This is my X
:
X = np.array([[ 5., 8., 3., 4., 0., 5., 4., 0., 2., 5., 11.,
3., 19., 2.],
[ 5., 8., 3., 4., 0., 1., 4., 0., 3., 5., 13.,
4., 19., 2.],
[ 5., 8., 3., 4., 0., 4., 4., 0., 3., 5., 12.,
2., 19., 2.],
[ 5., 8., 3., 4., 0., 1., 4., 0., 4., 5., 12.,
4., 19., 2.],
[ 5., 8., 3., 4., 0., 1., 4., 0., 3., 5., 12.,
5., 19., 2.],
[ 5., 8., 3., 4., 0., 2., 4., 0., 3., 5., 13.,
3., 19., 2.],
[ 5., 8., 3., 4., 0., 2., 4., 0., 4., 5., 11.,
4., 19., 2.],
[ 5., 8., 3., 4., 0., 2., 4., 0., 3., 5., 11.,
5., 19., 2.],
[ 5., 8., 3., 4., 0., 1., 4., 0., 3., 5., 12.,
5., 19., 2.],
[ 5., 8., 3., 4., 0., 1., 4., 0., 3., 5., 12.,
5., 19., 2.]])
and this is my response y
y = np.array([ 70.14963195, 70.20937046, 70.20890363, 70.14310389,
70.18076206, 70.13179977, 70.13536797, 70.10700998,
70.09194074, 70.09958111])
Ridge Regression
# alpha = 0.1
model = Ridge(alpha = 0.1)
model.fit(X,y)
model.score(X,y) # gives 0.36898424479816627
# alpha = 0.01
model1 = Ridge(alpha = 0.01)
model1.fit(X,y)
model1.score(X,y) # gives 0.3690347045143918 > 0.36898424479816627
# alpha = 0.001
model2 = Ridge(alpha = 0.001)
model2.fit(X,y)
model2.score(X,y) #gives 0.36903522192901728 > 0.3690347045143918
# alpha = 0.0001
model3 = Ridge(alpha = 0.0001)
model3.fit(X,y)
model3.score(X,y) # gives 0.36903522711624259 > 0.36903522192901728
Thus from here it should be clear that alpha = 0.0001
is the best option. Indeed reading the documentation it says that the score is the coefficient of determination. If the coefficient closest to 1 describes the best model. Now let's see what RidgeCV
tells us
RidgeCV regression
modelCV = RidgeCV(alphas = [0.1, 0.01, 0.001,0.0001], store_cv_values = True)
modelCV.fit(X,y)
modelCV.alpha_ #giving 0.1
modelCV.score(X,y) # giving 0.36898424479812919 which is the same score as ridge regression with alpha = 0.1
What is going wrong? Surely we can check manually, as I have done, that all the other alphas are better. So not only it is not choosing the best alpha, but it is choosing the worst!

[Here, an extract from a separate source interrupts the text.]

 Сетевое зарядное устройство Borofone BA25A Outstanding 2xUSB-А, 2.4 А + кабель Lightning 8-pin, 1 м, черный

Can someone explain to me what it's going wrong?
That's perfectly normal behaviour.
Your manual approach is not doing any cross-validation and therefore train- and testdata are the same!
# alpha = 0.1
model = Ridge(alpha = 0.1)
model.fit(X,y) #!!
model.score(X,y) #!!
With some mild assumptions on the classifier (e.g convex-optimization problem) and the solver (guaranteed epsilon-convergence) this means, that you will always get the lowest score for the least regularized model (overfitting!): in your case: alpha = 0.0001
. (Have a look at RidgeRegression's formula)
Using RidgeCV though, cross-validation is by default activated, leave-one-out being selected. The scoring-process used to determine the best parameters is not using the same data for train and test.

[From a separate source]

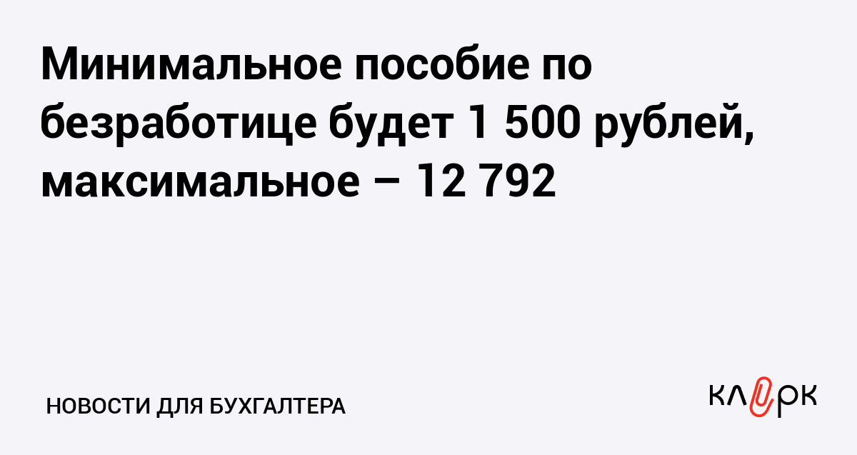 Минимальное пособие по безработице будет 1 500 рублей, максимальное – 12 792

You can print out the mean cv_values_
as you are using store_cv_values = True
:
print(np.mean(modelCV.cv_values_, axis=0))
# [ 0.00226582 0.0022879 0.00229021 0.00229044]
# alpha [0.1, 0.01, 0.001,0.0001]
# by default: mean squared errors!
# left / 0.1 best; right / 0.0001 worst
# this is only a demo: not sure how sklearn selects best (mean vs. ?)
This is expected, but not the general rule. As you are now scoring with two different datasets, you are optimizing not to overfit and with high probability some regularization is needed!